Hawthorne Files Chapter 11 After Failed Racino Bet Drains 135-Year-Old Track

Hawthorne Files Chapter 11 After Failed Racino Bet Drains 135-Year-Old Track

Hawthorne Race Course, a 135-year-old track, is now in bankruptcy after a casino project it could not fund put pressure on the business. The track filed for Chapter 11, with assets of $50–100 million and liabilities up to $500 million, with Fanatics, the largest creditor, owed $8.75 million.

Hawthorne tore down part of its grandstand after getting preliminary racino approval in 2019. The financing never materialized. What pushed things over the edge was a $1.5 million Churchill Downs judgment that froze Hawthorne’s bank accounts. Purse checks bounced twice, horsemen wouldn’t race, simulcast partners cut their feeds, and monthly wagering deposits collapsed from $5 million to under $1 million.

Fanatics moved its Illinois mobile sportsbook to Argosy Casino Alton in January, removing a key partner from Hawthorne’s setup. In court, CEO Tim Carey said there is buyer interest and that simulcasting alone could bring in about $4 million a month.

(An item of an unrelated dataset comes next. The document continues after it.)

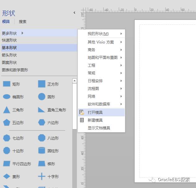 想起机械和设计行业都用Auto CAD,为什么这么多行业都用也没问题?因为人家各行业各企业有各自的模具集。 同理,Visio应该也是这样。打开Visio我们可以看到有个功能叫做模具: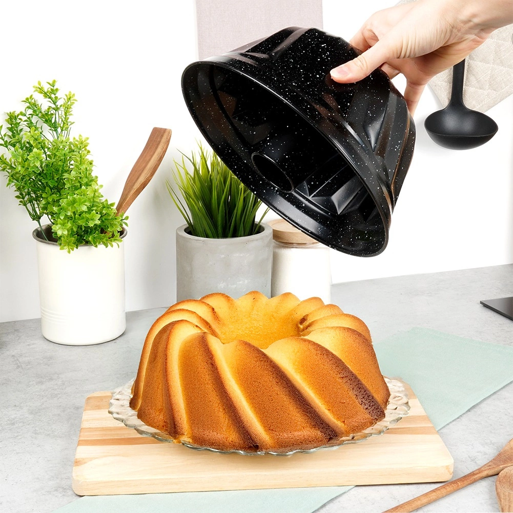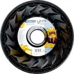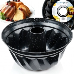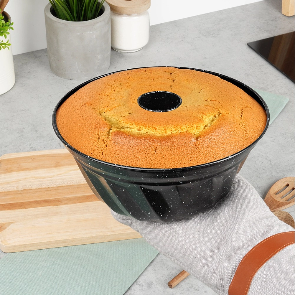 Ta model za šarkelj s kominom je zanesljiva izbira za vsakodnevno peko in praznične sladice. Zahvaljujoč granitnemu nelepljivemu premazu se testo ne prijema, šarkelj pa zlahka odstranite brez poškodb dekorativnih reber. Masivno ogljično jeklo učinkovito vodi toploto in podpira enakomerno prepečenost sredine in robov.

Operators with racetrack-linked licences should see this as a warning about tying casino development to already thin racing operations. If the build is delayed or financing falls through, the whole model can break quickly as cash flow tightens and partners step away. Suppliers owed money should watch the 363 sale closely, as it will set the real value of the licence and assets, and determine recovery levels based on how the buyer structures the deal.

TGJ Take

Hawthorne did not fail because racing stopped working. It failed because management relied on a casino project that it could not fund and weakened the core business while trying to build it. When the funding stopped, cash flow dropped, payments were missed, and partners left. The 363 sale will show what the licence and location are really worth, and if a new owner can rebuild the business on a more stable base.